ABOUT THIS EXERCISE
Give the data again exactly as written, without any of its pictures.

DATA BELOW
____
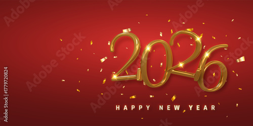 new, year, 2026, gold, celebration, holiday, christmas, festive, design, background, greeting, luxury, shiny, event, bright, confetti, colours, sparkle, element, decoration, elegant, number, happy, red, metallic, symbol, glamour, light, realistic, three-dimensional, art, modern, concept, render, poster, illustration, card, creative, template, graphic, joy, decor, party, success, hope, season, future, victory, vector
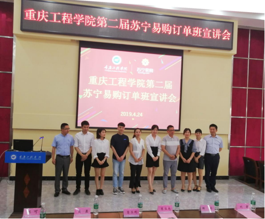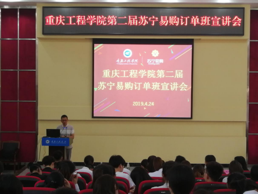 2019年4月24日下午13:00,管理学院在行政楼阶梯报告厅举行“重庆工程学院第二届苏宁易购订单班宣讲会”。苏宁重庆地区管理中心副总经理陈红艳、红孩子公司总经理吴亚、电器公司运营总监刘蔚、人力资源经理何思慧、管理学院院长简玉刚、党总支书记邹均、副院长陈可、实习实训中心主任张中义出席了宣讲会。会议由管理学院工商管理系主任周小波主持。
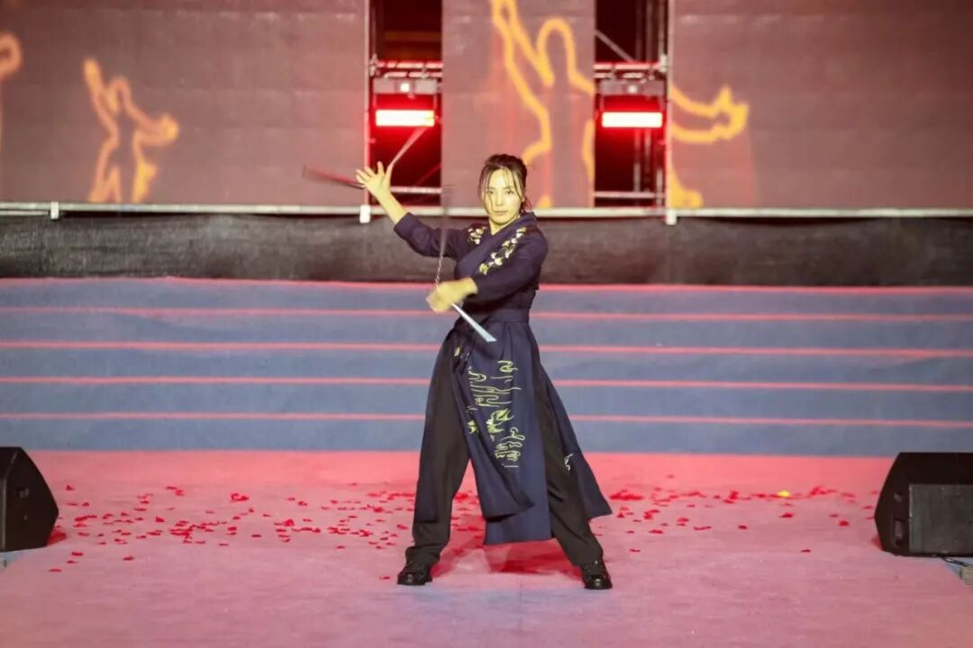 我市王氏棍武家族表演的《棍舞雄风》呈现了舞旗、双节棍套路、焰火双节棍以及双节棍击爆彩球、击碎苹果、击飞纸牌等精彩“绝技”,一招一式都蕴含着中华武术的卓越与精巧,博得现场观众阵阵喝彩和掌声。该节目让观众在欣赏震撼演出的同时,深刻感受到了中华武术的博大精深和无限魅力,也生动展现了中华优秀传统文化薪火相传的蓬勃生机。
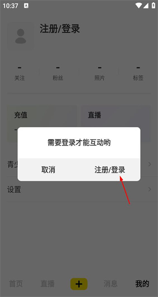 3、弹出提示框,提示需登录方可进行互动,并提供取消与注册登录两个操作选项。
____
EXERCISE RESULT
 new, year, 2026, gold, celebration, holiday, christmas, festive, design, background, greeting, luxury, shiny, event, bright, confetti, colours, sparkle, element, decoration, elegant, number, happy, red, metallic, symbol, glamour, light, realistic, three-dimensional, art, modern, concept, render, poster, illustration, card, creative, template, graphic, joy, decor, party, success, hope, season, future, victory, vector
 2019年4月24日下午13:00,管理学院在行政楼阶梯报告厅举行“重庆工程学院第二届苏宁易购订单班宣讲会”。苏宁重庆地区管理中心副总经理陈红艳、红孩子公司总经理吴亚、电器公司运营总监刘蔚、人力资源经理何思慧、管理学院院长简玉刚、党总支书记邹均、副院长陈可、实习实训中心主任张中义出席了宣讲会。会议由管理学院工商管理系主任周小波主持。
 我市王氏棍武家族表演的《棍舞雄风》呈现了舞旗、双节棍套路、焰火双节棍以及双节棍击爆彩球、击碎苹果、击飞纸牌等精彩“绝技”,一招一式都蕴含着中华武术的卓越与精巧,博得现场观众阵阵喝彩和掌声。该节目让观众在欣赏震撼演出的同时,深刻感受到了中华武术的博大精深和无限魅力,也生动展现了中华优秀传统文化薪火相传的蓬勃生机。
 3、弹出提示框,提示需登录方可进行互动,并提供取消与注册登录两个操作选项。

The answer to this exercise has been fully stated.